In interview, there are chuckles because doing the obvs has never been this Mohawk’d writer’s thing. “It’s very straight forward and very readable,” he asserts. “It was a play you could do with five or six people but LYT has expanded it, making their own musical instruments, using percussion and so on. A lot of work has gone into it.

“We have four aliens in a row as a framing device. In the play inside that play, there’s a Garbagerie, a family group of grandfather, mother, grandson and they are attended to in a quasi-religious ceremony. There’s a procession of Wasters who come to them. There’s a Sad Waster and a Typical Waster and a Total Waster and so on.”

More disbelieving laughter and “hopefully there will be laughs for the play,” comments Elle Barry.  She is building on Transition Year Theatre experience and her own training in Speech and Drama, in a layering of skills and practice this year.
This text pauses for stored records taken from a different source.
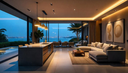 Luxurious open-plan living space with an ocean view at dusk
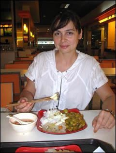 Поесть основательно – не проблема, маленьких ресторанчиков вдоль улиц очень много. Блюда в них разнообразны и недороги, а хозяева приветливы и радушны. Южная кухня славится своими острыми блюдами. Но привыкнуть к ней мне так и не удалось. Ели и пробовали почти всё, но, наученные опытом, спрашивали: «Ладио ёу?» («Есть перец?»). Самое известное блюдо – «чунцинский самовар»: мясо, овощи, грибы, лапша, сваренные в своеобразной глубокой миске – «самоваре». На каждом шагу море фруктов. Особенно вкусны ананасы (четвертинки на палочках), клубника, арбузы, мандарины, виноград, персики, груши, «ян мэй»...
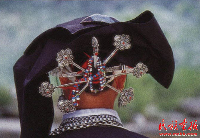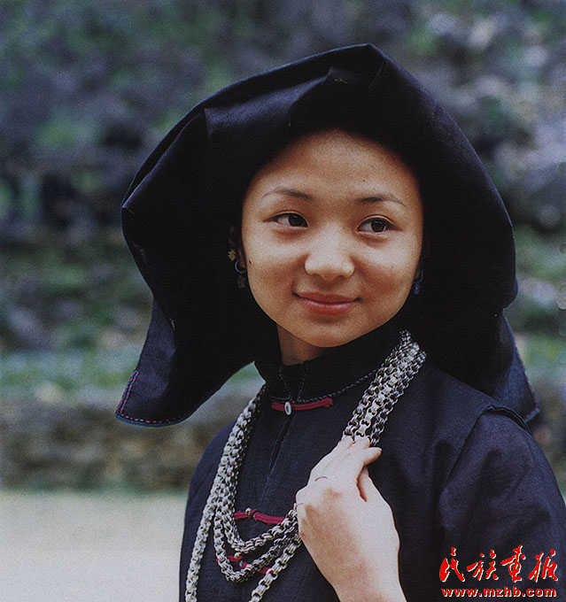 婦女的服飾更具特點(diǎn),無論老少,都喜歡穿右蓋大襟和葫蘆狀矮腳圓領(lǐng)的緊身短式上衣,下身以寬褲腳、大褲頭的褲子相搭配,腰系黑布做成的大圍裙,頭帶黑布大頭巾。其圍裙既寬且長,戴時能系周身有余,裙底垂掛到小腿下部,圍裙不僅作為裝飾,而且可以作為勞動工具,遇趕圩或走親訪友和勞動時,可將圍裙底翻卷上來作成小包袱,用以包裝和盛裝物品。婦女頭巾都是一塊自己紡織染成的長條黑布,戴時先圍繞在頭上,然后翻折擺布成火棱形的圖樣,罩在整個頭上,再把頭巾的兩端分別垂掛到雙肩上,看上去樸素美觀。同時還可以當(dāng)做帽子遮蔭用。她們的衣邊、衣角、袖口、裙邊和頭巾的四邊都用紅布或黃布剪成小條以后鑲捆上去,有的則用紅、黃、藍(lán)色絲線繡成波浪形的線條,使黑中襯出紅、黃、藍(lán)色的線條來,清雅明亮,色彩協(xié)調(diào)。再加上頭發(fā)插著龍頭形的銀簪,頸項(xiàng)上帶有銀鏈或項(xiàng)圈,手帶銀圈、玉鐲,耳掛珍珠耳環(huán)等,使人一看,黑中閃艷,樸素之中亦有玲瓏之美,表現(xiàn)了她們獨(dú)特的審美觀。
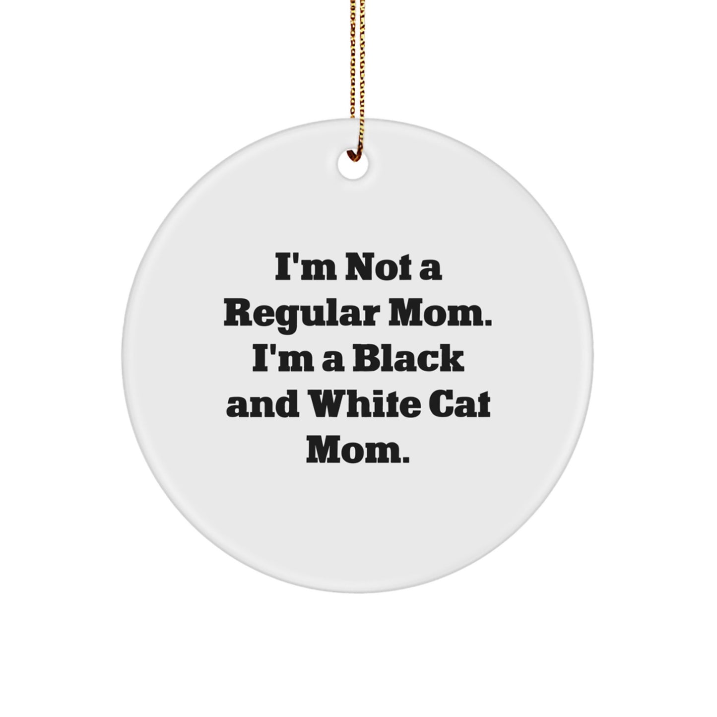 Funny Black and White Cat Mom Gifts from Friends - 'I'm Not A Regular Mom...' Circle Ornament for Christmas
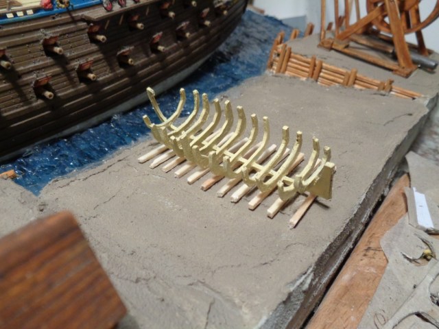 Покрасил, обвязал якоря, бросил их на берегу, концы канатов отправил по назначению - в якорные клюзы. Ну типа якоря вытащили на берег для проведения... каких-то очень нужных работ. Как вытащили? Не знаю, не спрашивайте.

Her director nods. “It’s almost an old fashioned comedy, with star-crossed lovers in different classes.” The players are cast in castes such as Advertising Executives and Politicians, whose descendants are classified as “the untouchable subclass, known as Total Wasters.”

The playwright underlines the dramatic lilt to the iambic pentameter verse throughout, voiced in Received Pronunciation.

All Limerick Youth Theatre members are on stage, as well as contributing to production values. The back up team impresses: Martin Shannon on set, Emily Waters on lighting, with Shane Hickey O’Mara, Kerrie Ahern and Kate Hodmon with various oversights.

Design and score are integrated to the drama. Elle says that “a lot of our costumes and our set are made of recycled rubbish and we take that into account. For instruments we have tins, biscuit tins, rice in packages.”

From Shane: “We have barrels for drums, an old heater – a SuperSer, rulers, a trumpet as the only real instrument. With these we create a soundscape.”

“Learning through practice,” is his summation of this training unit, observing techniques and adapting to new tricks and skills.

We can view the Brave New World of The Garbagerie within ‘A Load of Rubbish’ from Thursday 15 to Saturday 17, 8pm shows.